## Exercise
Copy out the listing that follows, exactly, without its pictures.

## Given information
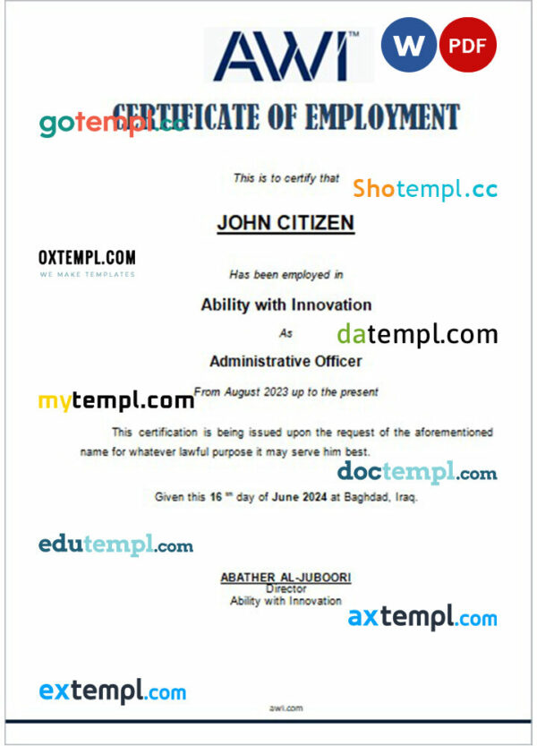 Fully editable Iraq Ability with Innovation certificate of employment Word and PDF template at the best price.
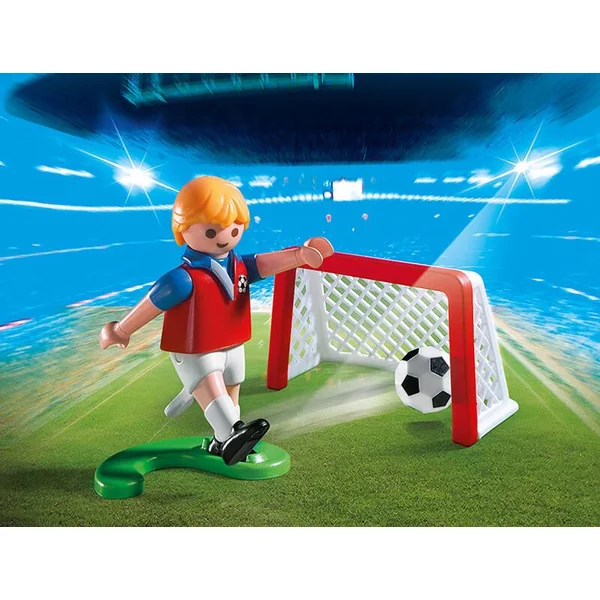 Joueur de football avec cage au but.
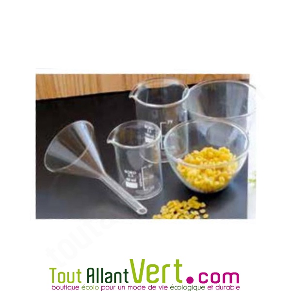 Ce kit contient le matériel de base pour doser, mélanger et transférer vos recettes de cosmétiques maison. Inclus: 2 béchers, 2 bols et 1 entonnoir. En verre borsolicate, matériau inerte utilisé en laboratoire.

## Solution for this task
 Fully editable Iraq Ability with Innovation certificate of employment Word and PDF template at the best price.
 Joueur de football avec cage au but.
 Ce kit contient le matériel de base pour doser, mélanger et transférer vos recettes de cosmétiques maison. Inclus: 2 béchers, 2 bols et 1 entonnoir. En verre borsolicate, matériau inerte utilisé en laboratoire.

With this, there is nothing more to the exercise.